2

For the input training set ${ \{ ({ x }_{ i }{ y }_{ i })\} }_{ i=1 }^{ n }$ if the loss function is L(y, f(x)), then we initialize the model $M_0$ by finding the $\gamma$ which minimizes: $$ F_0(x) = \sum _{ i=1 }^{ n }{ L{ (y }_{ i, } } \gamma ) $$

which means, for every 'x' we define a model which always gives a constant value $\gamma$

So, now, in the 1st iteration, how come we are able to calculate the derivate of Loss function with respect to the previous model's function, (which is a constant $\gamma$), as derivates with respect to constant are not defined.

Can anyone explain what I'm understanding wrong over here ?

1 Answers1

1

I think your understanding is mostly fine. :)
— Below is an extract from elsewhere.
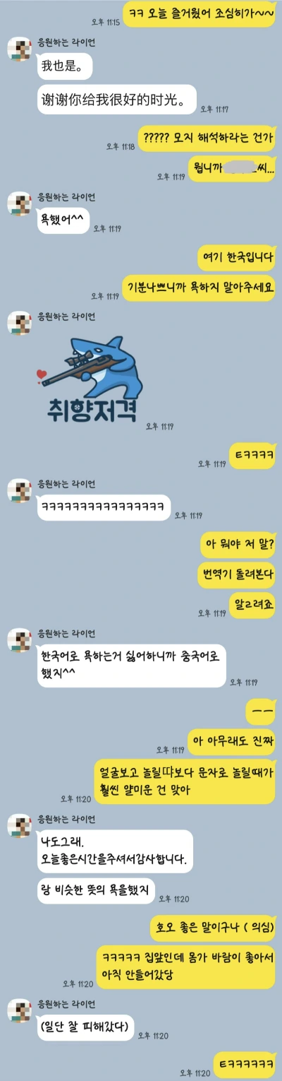 한여름 이른 저녁에 만났던 우리는 원래 밥만 먹고 카페에서 이야기를 나누다 바로 인사하고 헤어질 생각이었다. 그런데 아무래도 그러기엔 아직 날이 너무 밝았다. 아쉬움에 이곳저곳을 함께 거닐다 식당에 들어가 뒤늦은 2차를 하며 다양한 주제의 이야기를 나눴다. 즐거웠던 만남에 그날밤 나는 먼저 연락을 보냈고, 중국어를 좀 할 줄 알던 장난기 가득한 너는 이런 답을 해왔다.

I alluded to what happens during the first boosting iteration in the earlier question: Why we fit xᵢ vs errorᵢ in Gradient Boosting. The first iteration is consider to start either from the 0 or the mean value of the response variable. Some packages (e.g. LightGBM) even go as far as to provide a boost_from_average option. That being said, the derivatives themselves are not with respect to a constant because they are defined through the residuals of the loss function for a particular point. Simply put, the gradient for the $i$ point for the $m$-th iteration is $g_{im} = [ \frac{\partial L(y_i, f(x_i)}{\partial f(x_i)}]$, i.e. we care for the loss $L$ wrt. to $f$ which is obviously not constant (even when making the first iteration).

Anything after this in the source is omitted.